SPRING SEMESTER ELECTIVE
For students in grade 12
Prerequisites: Successful completion of seven semesters of English

In this course, students will study the forms and purposes of information presented in diverse media and formats (e.g., written, visual, quantitative, oral), and evaluate the motives (e.g., social, commercial, political) behind its presentation. Students will distinguish among fact, opinion, and reasoned judgment in a text, assess the extent to which the reasoning and evidence in a text support the author’s claims and evaluate an author’s premises, claims, and evidence by corroborating or challenging them with other information. Students will explore how media shapes and is shaped by the message, and how social, historical, and psychological factors both inform, and are informed by, our media landscape.
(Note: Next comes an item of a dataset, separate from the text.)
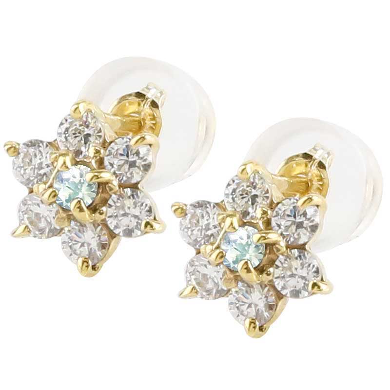 [両耳用] ピアス ミルキーアクアマリン (3月) 6/8mm 天然石 誕生石

Students will analyze texts and information presented in diverse media and formats and determine the main ideas and supporting details. Students will then interpret this information and explain how it contributes to a topic, text, or issue under study. Students will be able to identify the role of bias and perspective in various forms of media. In their writing and other media production, students will analyze the relationship between a primary and secondary source on the same topic, compare and contrast treatments of the same topic and integrate information from diverse sources into a coherent understanding of an idea or event, noting discrepancies among sources.

Evaluation is based on class discussion, quizzes, tests, oral presentations, written essays, individual and group projects, the production of original digital media, and a final assessment.